Case 1: Copying data from JSON files

See the following two samples when copying data from JSON files. The generic points to note:

Sample 1: extract data from object and array

In this sample, you expect one root JSON object maps to single record in tabular result. If you have a JSON file with the following content:

{
    "id": "ed0e4960-d9c5-11e6-85dc-d7996816aad3",
    "context": {
        "device": {
            "type": "PC"
        },
        "custom": {
            "dimensions": [
                {
                    "TargetResourceType": "Microsoft.Compute/virtualMachines"
                },
                {
                    "ResourceManagmentProcessRunId": "827f8aaa-ab72-437c-ba48-d8917a7336a3"
                },
                {
                    "OccurrenceTime": "1/13/2017 11:24:37 AM"
                }
            ]
        }
    }
}

and you want to copy it into an Azure SQL table in the following format, by extracting data from both objects and array:

id deviceType targetResourceType resourceManagmentProcessRunId occurrenceTime
ed0e4960-d9c5-11e6-85dc-d7996816aad3 PC Microsoft.Compute/virtualMachines 827f8aaa-ab72-437c-ba48-d8917a7336a3 1/13/2017 11:24:37 AM

The input dataset with JsonFormat type is defined as follows: (partial definition with only the relevant parts). More specifically:

  • structure section defines the customized column names and the corresponding data type while converting to tabular data. This section is optional unless you need to do column mapping. See Map source dataset columns to destination dataset columns section for more details.
  • jsonPathDefinition specifies the JSON path for each column indicating where to extract the data from. To copy data from array, you can use array[x].property to extract value of the given property from the xth object, or you can use array[*].property to find the value from any object containing such property.
"properties": {
    "structure": [
        {
            "name": "id",
            "type": "String"
        },
        {
            "name": "deviceType",
            "type": "String"
        },
        {
            "name": "targetResourceType",
            "type": "String"
        },
        {
            "name": "resourceManagmentProcessRunId",
            "type": "String"
        },
        {
            "name": "occurrenceTime",
            "type": "DateTime"
        }
    ],
    "typeProperties": {
        "folderPath": "mycontainer/myfolder",
        "format": {
            "type": "JsonFormat",
            "filePattern": "setOfObjects",
            "jsonPathDefinition": {"id": "$.id", "deviceType": "$.context.device.type", "targetResourceType": "$.context.custom.dimensions[0].TargetResourceType", "resourceManagmentProcessRunId": "$.context.custom.dimensions[1].ResourceManagmentProcessRunId", "occurrenceTime": " $.context.custom.dimensions[2].OccurrenceTime"}      
        }
    }
}

Sample 2: cross apply multiple objects with the same pattern from array

In this sample, you expect to transform one root JSON object into multiple records in tabular result.

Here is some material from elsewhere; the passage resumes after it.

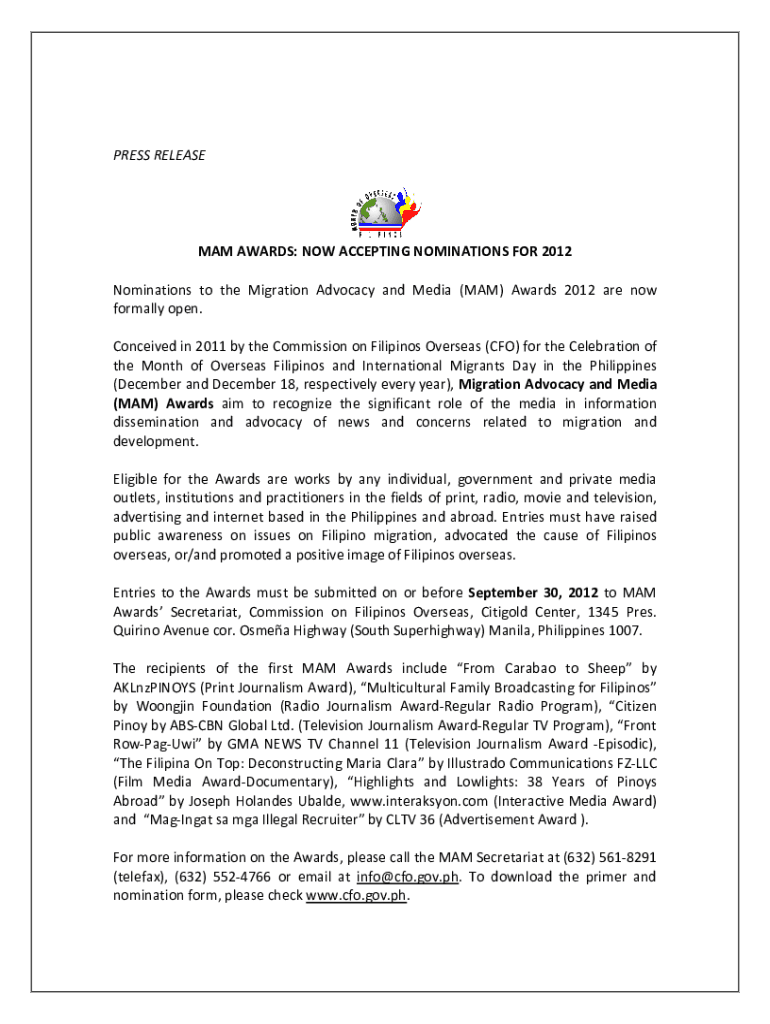 PRESS RELEASE MAM AWARDS: NOW ACCEPTING NOMINATIONS FOR 2012 Nominations to the Migration Advocacy and Media (MAM) Awards 2012 are now formally open. Conceived in 2011 by the Commission on Filipinos

If you have a JSON file with the following content:

{
    "ordernumber": "01",
    "orderdate": "20170122",
    "orderlines": [
        {
            "prod": "p1",
            "price": 23
        },
        {
            "prod": "p2",
            "price": 13
        },
        {
            "prod": "p3",
            "price": 231
        }
    ],
    "city": [ { "sanmateo": "No 1" } ]
}

and you want to copy it into an Azure SQL table in the following format, by flattening the data inside the array and cross join with the common root info:

ordernumber orderdate order_pd order_price city
01 20170122 P1 23 [{"sanmateo":"No 1"}]
01 20170122 P2 13 [{"sanmateo":"No 1"}]
01 20170122 P3 231 [{"sanmateo":"No 1"}]

The input dataset with JsonFormat type is defined as follows: (partial definition with only the relevant parts). More specifically:

  • structure section defines the customized column names and the corresponding data type while converting to tabular data. This section is optional unless you need to do column mapping. See Map source dataset columns to destination dataset columns section for more details.
  • jsonNodeReference indicates to iterate and extract data from the objects with the same pattern under array orderlines.
  • jsonPathDefinition specifies the JSON path for each column indicating where to extract the data from. In this example, "ordernumber", "orderdate" and "city" are under root object with JSON path starting with "$.", while "order_pd" and "order_price" are defined with path derived from the array element without "$.".
"properties": {
    "structure": [
        {
            "name": "ordernumber",
            "type": "String"
        },
        {
            "name": "orderdate",
            "type": "String"
        },
        {
            "name": "order_pd",
            "type": "String"
        },
        {
            "name": "order_price",
            "type": "Int64"
        },
        {
            "name": "city",
            "type": "String"
        }
    ],
    "typeProperties": {
        "folderPath": "mycontainer/myfolder",
        "format": {
            "type": "JsonFormat",
            "filePattern": "setOfObjects",
            "jsonNodeReference": "$.orderlines",
            "jsonPathDefinition": {"ordernumber": "$.ordernumber", "orderdate": "$.orderdate", "order_pd": "prod", "order_price": "price", "city": " $.city"}         
        }
    }
}

Note the following points:

  • If the structure and jsonPathDefinition are not defined in the Data Factory dataset, the Copy Activity detects the schema from the first object and flatten the whole object.
  • If the JSON input has an array, by default the Copy Activity converts the entire array value into a string. You can choose to extract data from it using jsonNodeReference and/or jsonPathDefinition, or skip it by not specifying it in jsonPathDefinition.
  • If there are duplicate names at the same level, the Copy Activity picks the last one.
  • Property names are case-sensitive. Two properties with same name but different casings are treated as two separate properties.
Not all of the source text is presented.